Closed Bug 7130 Opened 26 years ago Closed 25 years ago

IMAP: does not interpret double byte M-UTF-7 in folder names

Categories

(MailNews Core :: Internationalization, defect, P3)

x86
Windows NT
defect

Tracking

(Not tracked)

VERIFIED FIXED

People

(Reporter: jgmyers, Assigned: Bienvenu)

References

Details

(Whiteboard: [PDT+] ETA 2/15)

Two of my IMAP folders, "r&AOk-pertoires" and "wallace&-gromit", are not being displayed correctly in the folder pane.
Assignee: nhotta → bienvenu
Currently waiting for the converter (bug 6983). Reassigning to bienvenu@netscape.com. Adding cata@netscape.com, bobj@netscape.com to cc.
Are you saying I should be writing a utf-7 converter? I must be missing something. I know our code is #ifdeffed out, but I thought we were waiting for something from the i18n group.
No, Cata is going to write the converter. When the bug 6983 is resolved, please enable your code and resolve this bug. Sorry for the confusion.
Depends on: 6983
Depends on: 6814
No longer depends on: 6983
M-UTF-7 converter is now bug 6814.
Blocks: 7228
The converter was checked in earlier this week (6814). Is this just a matter of turning on/off the #ifdef? If so, can we do this for M7?
No, I have to write code to invoke the converter, which is code that is not written yet. I have other major features to do for m7.
*** Bug 8504 has been marked as a duplicate of this bug. ***
Are these converters thread safe? Can I call them from a non-mozilla main thread?
I don't really understand your questions: being able to call a converter from a non-mozilla main thread does not necessarily mean that the converter is thread-safe.

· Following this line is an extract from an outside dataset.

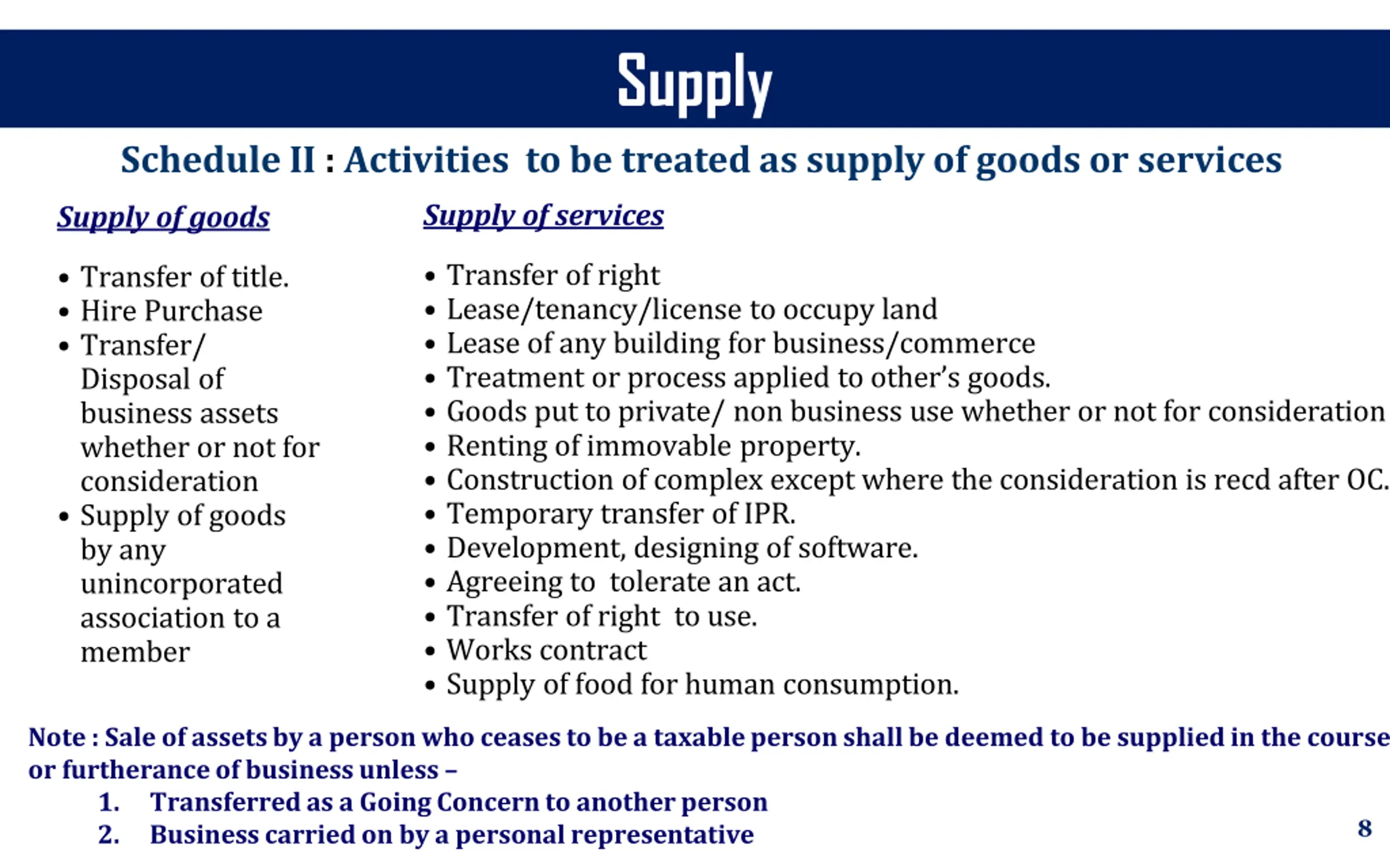 Supply Schedule II : Activities to be treated as supply of goods or services Supply of services Supply of goods Transfer of right Lease/tenancy/license to occupy land Lease of any building for business/commerce Treatment or process applied to other s goods. Goods put to private/ non business use whether or not for consideration Renting of immovable property. Construction of complex except where the consideration is recd after OC. Temporary transfer of IPR. Development, designing of software. Agreeing to tolerate an act. Transfer of right to use. Works contract Supply of food for human consumption. Transfer of title. Hire Purchase Transfer/ Disposal of business assets whether or not for consideration Supply of goods by any unincorporated association to a member Note : Sale of assets by a person who ceases to be a taxable person shall be deemed to be supplied in the course or furtherance of business unless 1. Transferred as a Going Concern to another person 2. Business carried on by a personal representative 8

A converter is not thread-safe: it has internal state and its methods are not synchronized. But why do you need it to be thread-safe?! You can't have two simultaneous users for it anyways. (internal state in some stateful decodings like UTF-7...) However, a converter can be called from any thread, as long as it is only one. The rule should be: if you need to call some converter from another thread, just instantiate a new component, a new converter of the same type. As a side-point, a converter can be reused by resetting its state: call Reset(). Hope I helped. Please let me know if you have any other questions.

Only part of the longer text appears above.